◆ **Problem to work on**: Retype the data exactly, so that every line matches the original.
Segment Start: Record excerpts
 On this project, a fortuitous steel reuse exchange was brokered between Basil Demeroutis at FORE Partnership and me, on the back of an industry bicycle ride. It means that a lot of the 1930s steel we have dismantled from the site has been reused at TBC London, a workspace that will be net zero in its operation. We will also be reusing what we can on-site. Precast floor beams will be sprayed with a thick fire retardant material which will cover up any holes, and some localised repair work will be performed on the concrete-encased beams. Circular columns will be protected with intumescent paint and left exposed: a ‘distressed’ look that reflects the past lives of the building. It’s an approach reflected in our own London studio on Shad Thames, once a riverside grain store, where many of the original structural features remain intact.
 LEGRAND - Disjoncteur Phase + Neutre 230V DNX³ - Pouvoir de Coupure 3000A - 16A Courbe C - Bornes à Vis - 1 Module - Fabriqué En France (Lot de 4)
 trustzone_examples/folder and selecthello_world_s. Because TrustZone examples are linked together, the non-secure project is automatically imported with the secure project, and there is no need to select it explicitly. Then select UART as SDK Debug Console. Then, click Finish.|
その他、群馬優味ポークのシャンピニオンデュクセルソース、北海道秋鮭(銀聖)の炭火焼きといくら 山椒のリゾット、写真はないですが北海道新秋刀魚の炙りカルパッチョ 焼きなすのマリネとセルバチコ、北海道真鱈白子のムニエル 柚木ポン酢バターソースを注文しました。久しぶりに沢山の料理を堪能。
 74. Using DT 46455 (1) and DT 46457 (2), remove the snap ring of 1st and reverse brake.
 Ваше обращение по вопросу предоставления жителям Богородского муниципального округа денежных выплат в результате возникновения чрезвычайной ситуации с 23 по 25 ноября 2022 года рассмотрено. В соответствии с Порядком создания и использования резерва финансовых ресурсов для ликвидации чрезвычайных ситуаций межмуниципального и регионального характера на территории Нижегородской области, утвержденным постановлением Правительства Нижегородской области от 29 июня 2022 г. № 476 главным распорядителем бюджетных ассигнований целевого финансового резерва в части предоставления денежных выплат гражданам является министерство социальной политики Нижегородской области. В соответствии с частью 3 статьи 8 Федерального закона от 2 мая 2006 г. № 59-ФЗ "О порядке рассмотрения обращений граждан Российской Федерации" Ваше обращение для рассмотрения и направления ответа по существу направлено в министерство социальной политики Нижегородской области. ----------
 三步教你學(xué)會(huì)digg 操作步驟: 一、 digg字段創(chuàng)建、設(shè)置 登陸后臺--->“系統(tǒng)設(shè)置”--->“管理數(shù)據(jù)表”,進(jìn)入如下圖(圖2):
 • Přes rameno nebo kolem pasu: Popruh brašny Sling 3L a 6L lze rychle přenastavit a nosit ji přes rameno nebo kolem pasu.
Segment End: Record excerpts
◆ **Solved problem**:
 On this project, a fortuitous steel reuse exchange was brokered between Basil Demeroutis at FORE Partnership and me, on the back of an industry bicycle ride. It means that a lot of the 1930s steel we have dismantled from the site has been reused at TBC London, a workspace that will be net zero in its operation. We will also be reusing what we can on-site. Precast floor beams will be sprayed with a thick fire retardant material which will cover up any holes, and some localised repair work will be performed on the concrete-encased beams. Circular columns will be protected with intumescent paint and left exposed: a ‘distressed’ look that reflects the past lives of the building. It’s an approach reflected in our own London studio on Shad Thames, once a riverside grain store, where many of the original structural features remain intact.
 LEGRAND - Disjoncteur Phase + Neutre 230V DNX³ - Pouvoir de Coupure 3000A - 16A Courbe C - Bornes à Vis - 1 Module - Fabriqué En France (Lot de 4)
 trustzone_examples/folder and selecthello_world_s. Because TrustZone examples are linked together, the non-secure project is automatically imported with the secure project, and there is no need to select it explicitly. Then select UART as SDK Debug Console. Then, click Finish.|
その他、群馬優味ポークのシャンピニオンデュクセルソース、北海道秋鮭(銀聖)の炭火焼きといくら 山椒のリゾット、写真はないですが北海道新秋刀魚の炙りカルパッチョ 焼きなすのマリネとセルバチコ、北海道真鱈白子のムニエル 柚木ポン酢バターソースを注文しました。久しぶりに沢山の料理を堪能。
 74. Using DT 46455 (1) and DT 46457 (2), remove the snap ring of 1st and reverse brake.
 Ваше обращение по вопросу предоставления жителям Богородского муниципального округа денежных выплат в результате возникновения чрезвычайной ситуации с 23 по 25 ноября 2022 года рассмотрено. В соответствии с Порядком создания и использования резерва финансовых ресурсов для ликвидации чрезвычайных ситуаций межмуниципального и регионального характера на территории Нижегородской области, утвержденным постановлением Правительства Нижегородской области от 29 июня 2022 г. № 476 главным распорядителем бюджетных ассигнований целевого финансового резерва в части предоставления денежных выплат гражданам является министерство социальной политики Нижегородской области. В соответствии с частью 3 статьи 8 Федерального закона от 2 мая 2006 г. № 59-ФЗ "О порядке рассмотрения обращений граждан Российской Федерации" Ваше обращение для рассмотрения и направления ответа по существу направлено в министерство социальной политики Нижегородской области. ----------
 三步教你學(xué)會(huì)digg 操作步驟: 一、 digg字段創(chuàng)建、設(shè)置 登陸后臺--->“系統(tǒng)設(shè)置”--->“管理數(shù)據(jù)表”,進(jìn)入如下圖(圖2):
 • Přes rameno nebo kolem pasu: Popruh brašny Sling 3L a 6L lze rychle přenastavit a nosit ji přes rameno nebo kolem pasu.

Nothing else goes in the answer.